** What is expected **
Copy the records below word for word, from the first line through the line that contains "如上图所示,作者进行了两个对", and leave out any pictures.

** Task inputs **
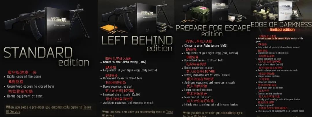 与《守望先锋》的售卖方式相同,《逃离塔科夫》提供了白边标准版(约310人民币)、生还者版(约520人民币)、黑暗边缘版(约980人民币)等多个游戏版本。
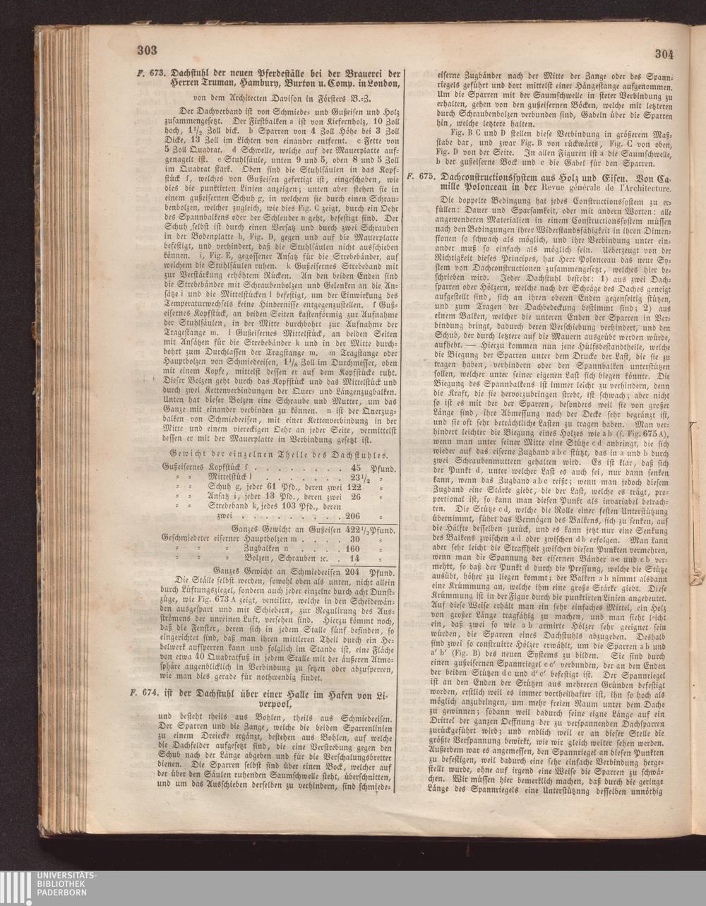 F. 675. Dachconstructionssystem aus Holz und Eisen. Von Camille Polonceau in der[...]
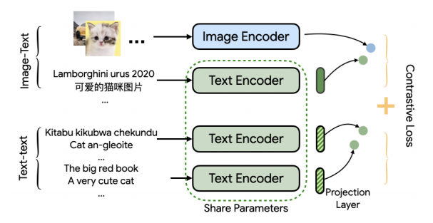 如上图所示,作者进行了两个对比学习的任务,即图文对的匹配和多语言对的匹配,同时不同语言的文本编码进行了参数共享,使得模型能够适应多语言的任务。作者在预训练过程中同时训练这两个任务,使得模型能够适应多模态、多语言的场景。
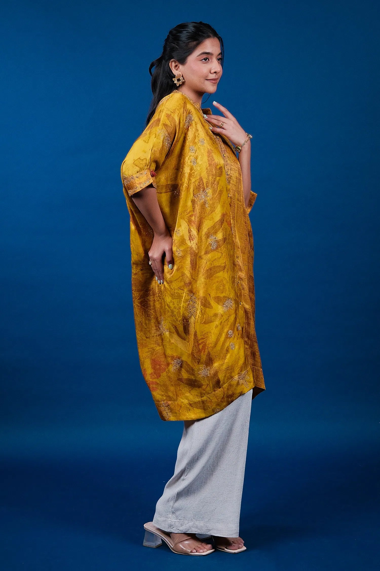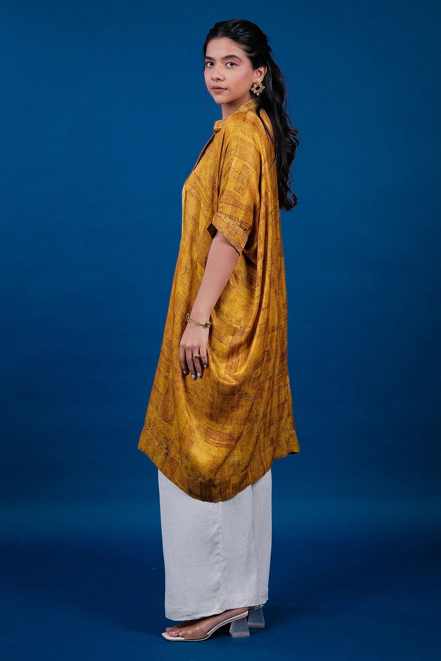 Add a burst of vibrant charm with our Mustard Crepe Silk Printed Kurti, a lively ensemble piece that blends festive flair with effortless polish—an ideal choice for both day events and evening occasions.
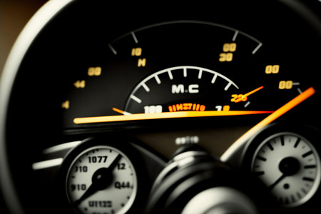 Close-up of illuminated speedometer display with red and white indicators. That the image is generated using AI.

** Solution **
 与《守望先锋》的售卖方式相同,《逃离塔科夫》提供了白边标准版(约310人民币)、生还者版(约520人民币)、黑暗边缘版(约980人民币)等多个游戏版本。
 F. 675. Dachconstructionssystem aus Holz und Eisen. Von Camille Polonceau in der[...]
 如上图所示,作者进行了两个对比学习的任务,即图文对的匹配和多语言对的匹配,同时不同语言的文本编码进行了参数共享,使得模型能够适应多语言的任务。作者在预训练过程中同时训练这两个任务,使得模型能够适应多模态、多语言的场景。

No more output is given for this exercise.